We soon learn that Laffin is not a nice man (he had hard, brown eyes, that glared without winking, vulture-like in their dispassionate intensity), who rules his ward (much later, the reader finds he had forced the much younger Betty to marry him!) with a rod of iron. In London, we meet Clive the ninth Lord Lowbridge, the impecunious aristocrat, whose classics features were those that the old Greek sculptors gave to the heroes of mythology, he had the clear eyes and the frame of a trained athlete; Laffin had been his family's physician in Bath and Clive's tutor. Clive and Betty are, at the very least, on affectionate terms. There is a quick scenery change to the Pawter Intensive Publicity Services (familiarly called Pips), run by a Mr. Pawter, no less. Employed as an assistant is a young man who is to emerge as the undoubted hero of the story - Bill Holbrook (twenty-three and pleasantly featured, except for a nose that was slightly bent. He played football, and once a great international had used his features as a jumping-off place - was the latter Argentinian?!), first cousin to Pawter and ex-newspaper reporter. Pips wants a story about Betty, who it transpires in in the acting profession. 

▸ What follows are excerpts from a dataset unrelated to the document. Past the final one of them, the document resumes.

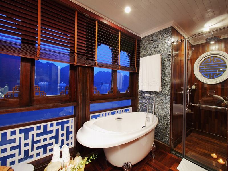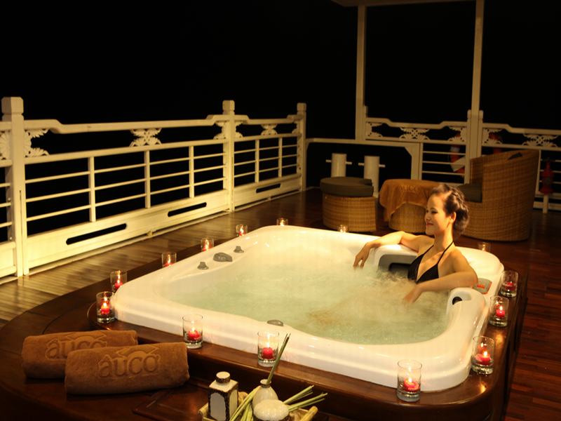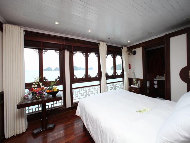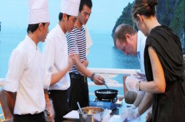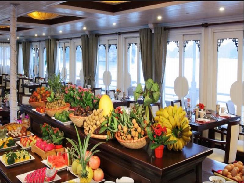 12.00: Enjoy lunch in Ha Long restaurant while The Au Co cruises around Bai Tu Long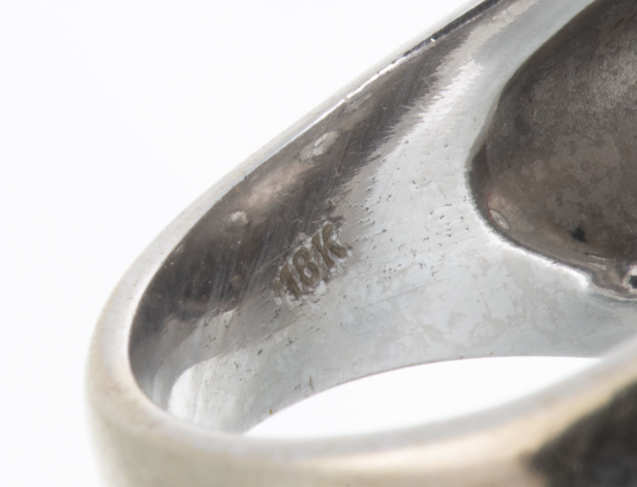 7 diamants de taille brillant d'un diamètre en env. 4.0- 3.3 mm, d'un poids total estimé à env 1.20 ct qualité blanc VS-P1 serti clos à niveau et 1 pierre noire (éventuellement spinelle?) de env. 2 mm, sertie à niveau.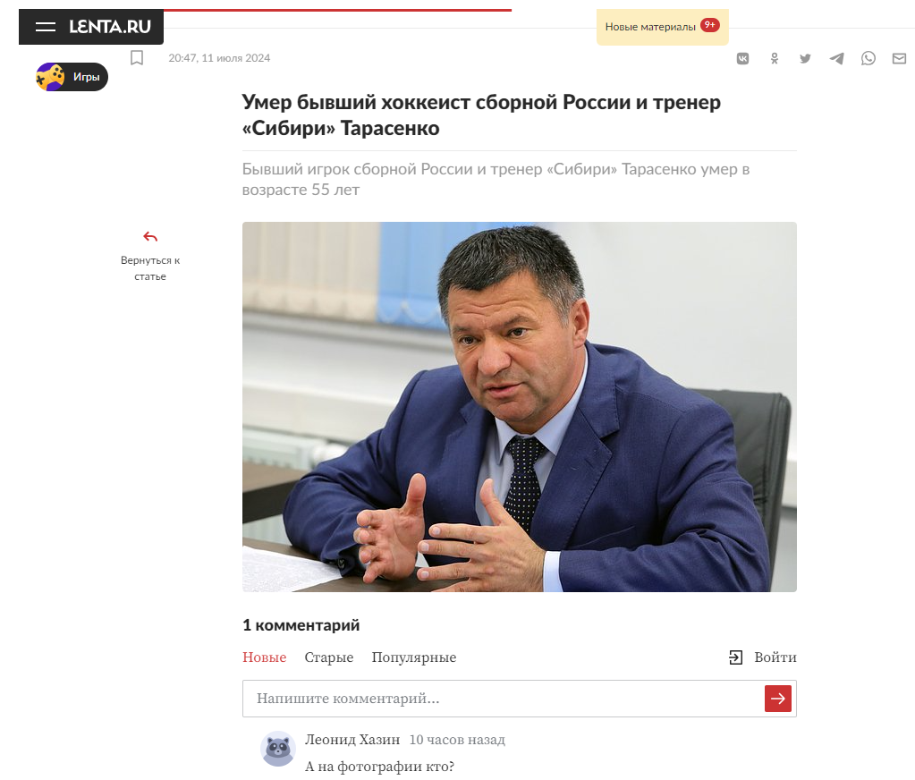 Издание «Лента.ру» вчера вечером сообщило о смерти бывшего хоккеиста сборной России и тренера «Сибири» Андрея Тарасенко. К новости медиа опубликовало фото экс-председателя правительства Якутии Андрея Тарасенко. Под публикацией единственный комментарий: а на фотографии кто?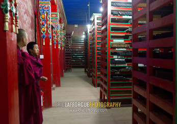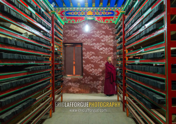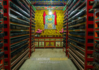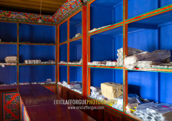 Tibetan scriptures printed from wooden blocks in Barkhang library, Gansu province, Labrang, China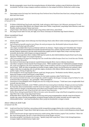 3:1 Peperangan antara keluarga Saul dan keluarga Daud berlarut-larut; Daud kian lama kian kuat, sedang keluarga Saul

In quick succession, the author pulls in the other characters who are going to drive the tale: Captain Harvey Hale, seventy-five by fifty coarse inches of muscle and bone; a red-faced, fish-eyed, heavy-jawed skipper, without either ship or ticket and desperate for a job; Benson, the taciturn man-servant to Clive Lowbridge - who we find out at the end is not who he appears to be; La Florette, the thin-lipped French dancer at the Orpheum, where Betty also worked. She turns out to be an East Ender who lives with her mother and is jealous of Betty's far superior looks. A great character, but I never really caught on to what value she brought to the story. Far more important  to the tale are The Proud Sons of Ragousa, many of whose members turn out to be a cross between Freemasons (with its lodges, Twenty-Third Degree, priors and, at the very top, the Grand Prior) and something far more sinister. (Remember the hooded figure on the moor? It will all fall into place by the end). The story-line, which inevitably was all to do with greed, is far too convoluted for a short Blog such as this, even if I did understand it all. Suffice it to say, all the above characters are increasingly part of a gripping, if nasty tale. One must add two more important participants: Inspector Bullott, usually working in the Records Department of Scotland Yard, but now drawn into tracking down a murderer and the nefarious goings-on within the Ragousa; and Toby Marsh - one of the cleverest cracksmen in London; he's only been caught once, and that was by accident. Both are to play vital parts in the rather long drawn-out denouement, which takes place on the transatlantic liner Escorial, which at one stage is being thrillingly chased by two English warships - the Sussex and the Kent -  and a American cruiser through banks of fog and too-close-for-comfort icebergs. I must admit, I had suspended my disbelief quite early on. But, all good fun and the baddies (the main one I did not twig, when they were unmasked at the end) got their just deserts and Betty not only found out her real name and that she was wealthy, but that Bill Holbrook was for her.